Data records:
────────────────────

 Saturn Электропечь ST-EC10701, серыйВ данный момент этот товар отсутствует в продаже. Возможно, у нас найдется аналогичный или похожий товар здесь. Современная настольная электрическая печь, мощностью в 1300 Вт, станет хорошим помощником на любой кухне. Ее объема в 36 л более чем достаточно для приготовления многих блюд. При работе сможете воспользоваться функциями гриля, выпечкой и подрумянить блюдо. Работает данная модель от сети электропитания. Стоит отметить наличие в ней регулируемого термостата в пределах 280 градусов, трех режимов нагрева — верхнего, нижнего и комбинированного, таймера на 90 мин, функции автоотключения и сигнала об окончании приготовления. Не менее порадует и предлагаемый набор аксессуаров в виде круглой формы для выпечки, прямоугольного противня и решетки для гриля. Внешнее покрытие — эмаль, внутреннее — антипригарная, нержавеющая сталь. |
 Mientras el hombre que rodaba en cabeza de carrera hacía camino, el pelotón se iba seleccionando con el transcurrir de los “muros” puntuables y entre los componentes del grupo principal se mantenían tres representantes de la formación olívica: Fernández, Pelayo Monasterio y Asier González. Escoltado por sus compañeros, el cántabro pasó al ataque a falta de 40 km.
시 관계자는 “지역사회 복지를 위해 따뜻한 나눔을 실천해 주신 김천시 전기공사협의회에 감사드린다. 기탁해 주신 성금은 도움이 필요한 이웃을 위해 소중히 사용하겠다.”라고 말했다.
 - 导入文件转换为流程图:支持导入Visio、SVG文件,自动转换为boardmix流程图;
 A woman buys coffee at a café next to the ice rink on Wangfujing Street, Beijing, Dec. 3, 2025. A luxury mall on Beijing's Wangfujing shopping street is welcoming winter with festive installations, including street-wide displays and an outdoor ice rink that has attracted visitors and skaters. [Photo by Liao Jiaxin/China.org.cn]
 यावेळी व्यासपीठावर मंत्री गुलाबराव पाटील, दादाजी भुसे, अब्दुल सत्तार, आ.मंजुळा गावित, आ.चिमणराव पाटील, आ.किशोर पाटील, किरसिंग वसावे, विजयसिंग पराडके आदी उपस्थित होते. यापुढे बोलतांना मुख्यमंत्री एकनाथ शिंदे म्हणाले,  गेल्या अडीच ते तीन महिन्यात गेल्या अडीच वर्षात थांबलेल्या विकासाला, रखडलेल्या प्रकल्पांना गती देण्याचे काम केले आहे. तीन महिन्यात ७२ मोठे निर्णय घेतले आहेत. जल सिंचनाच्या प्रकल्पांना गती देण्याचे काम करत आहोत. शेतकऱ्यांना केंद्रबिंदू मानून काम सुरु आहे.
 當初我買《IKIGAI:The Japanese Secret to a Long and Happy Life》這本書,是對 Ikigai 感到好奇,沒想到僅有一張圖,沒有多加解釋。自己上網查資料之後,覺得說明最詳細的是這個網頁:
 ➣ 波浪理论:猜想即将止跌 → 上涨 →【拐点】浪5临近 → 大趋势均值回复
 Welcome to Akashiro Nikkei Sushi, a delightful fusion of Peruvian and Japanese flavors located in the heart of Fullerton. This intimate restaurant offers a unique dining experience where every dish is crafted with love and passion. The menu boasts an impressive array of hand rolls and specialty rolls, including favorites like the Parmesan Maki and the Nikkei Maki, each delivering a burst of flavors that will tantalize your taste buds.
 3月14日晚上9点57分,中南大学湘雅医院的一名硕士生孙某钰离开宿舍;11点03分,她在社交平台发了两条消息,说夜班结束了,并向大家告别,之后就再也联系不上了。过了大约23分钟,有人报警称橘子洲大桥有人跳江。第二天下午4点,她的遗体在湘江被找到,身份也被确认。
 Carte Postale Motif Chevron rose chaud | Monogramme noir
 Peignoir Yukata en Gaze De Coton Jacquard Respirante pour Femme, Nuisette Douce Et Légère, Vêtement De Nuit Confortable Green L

────────────────────

→ **Problem**: Whatever appears in the data above is to be set down exactly.

→ **Output of the task**:
 Saturn Электропечь ST-EC10701, серыйВ данный момент этот товар отсутствует в продаже. Возможно, у нас найдется аналогичный или похожий товар здесь. Современная настольная электрическая печь, мощностью в 1300 Вт, станет хорошим помощником на любой кухне. Ее объема в 36 л более чем достаточно для приготовления многих блюд. При работе сможете воспользоваться функциями гриля, выпечкой и подрумянить блюдо. Работает данная модель от сети электропитания. Стоит отметить наличие в ней регулируемого термостата в пределах 280 градусов, трех режимов нагрева — верхнего, нижнего и комбинированного, таймера на 90 мин, функции автоотключения и сигнала об окончании приготовления. Не менее порадует и предлагаемый набор аксессуаров в виде круглой формы для выпечки, прямоугольного противня и решетки для гриля. Внешнее покрытие — эмаль, внутреннее — антипригарная, нержавеющая сталь. |
 Mientras el hombre que rodaba en cabeza de carrera hacía camino, el pelotón se iba seleccionando con el transcurrir de los “muros” puntuables y entre los componentes del grupo principal se mantenían tres representantes de la formación olívica: Fernández, Pelayo Monasterio y Asier González. Escoltado por sus compañeros, el cántabro pasó al ataque a falta de 40 km.
시 관계자는 “지역사회 복지를 위해 따뜻한 나눔을 실천해 주신 김천시 전기공사협의회에 감사드린다. 기탁해 주신 성금은 도움이 필요한 이웃을 위해 소중히 사용하겠다.”라고 말했다.
 - 导入文件转换为流程图:支持导入Visio、SVG文件,自动转换为boardmix流程图;
 A woman buys coffee at a café next to the ice rink on Wangfujing Street, Beijing, Dec. 3, 2025. A luxury mall on Beijing's Wangfujing shopping street is welcoming winter with festive installations, including street-wide displays and an outdoor ice rink that has attracted visitors and skaters. [Photo by Liao Jiaxin/China.org.cn]
 यावेळी व्यासपीठावर मंत्री गुलाबराव पाटील, दादाजी भुसे, अब्दुल सत्तार, आ.मंजुळा गावित, आ.चिमणराव पाटील, आ.किशोर पाटील, किरसिंग वसावे, विजयसिंग पराडके आदी उपस्थित होते. यापुढे बोलतांना मुख्यमंत्री एकनाथ शिंदे म्हणाले,  गेल्या अडीच ते तीन महिन्यात गेल्या अडीच वर्षात थांबलेल्या विकासाला, रखडलेल्या प्रकल्पांना गती देण्याचे काम केले आहे. तीन महिन्यात ७२ मोठे निर्णय घेतले आहेत. जल सिंचनाच्या प्रकल्पांना गती देण्याचे काम करत आहोत. शेतकऱ्यांना केंद्रबिंदू मानून काम सुरु आहे.
 當初我買《IKIGAI:The Japanese Secret to a Long and Happy Life》這本書,是對 Ikigai 感到好奇,沒想到僅有一張圖,沒有多加解釋。自己上網查資料之後,覺得說明最詳細的是這個網頁:
 ➣ 波浪理论:猜想即将止跌 → 上涨 →【拐点】浪5临近 → 大趋势均值回复
 Welcome to Akashiro Nikkei Sushi, a delightful fusion of Peruvian and Japanese flavors located in the heart of Fullerton. This intimate restaurant offers a unique dining experience where every dish is crafted with love and passion. The menu boasts an impressive array of hand rolls and specialty rolls, including favorites like the Parmesan Maki and the Nikkei Maki, each delivering a burst of flavors that will tantalize your taste buds.
 3月14日晚上9点57分,中南大学湘雅医院的一名硕士生孙某钰离开宿舍;11点03分,她在社交平台发了两条消息,说夜班结束了,并向大家告别,之后就再也联系不上了。过了大约23分钟,有人报警称橘子洲大桥有人跳江。第二天下午4点,她的遗体在湘江被找到,身份也被确认。
 Carte Postale Motif Chevron rose chaud | Monogramme noir
 Peignoir Yukata en Gaze De Coton Jacquard Respirante pour Femme, Nuisette Douce Et Légère, Vêtement De Nuit Confortable Green L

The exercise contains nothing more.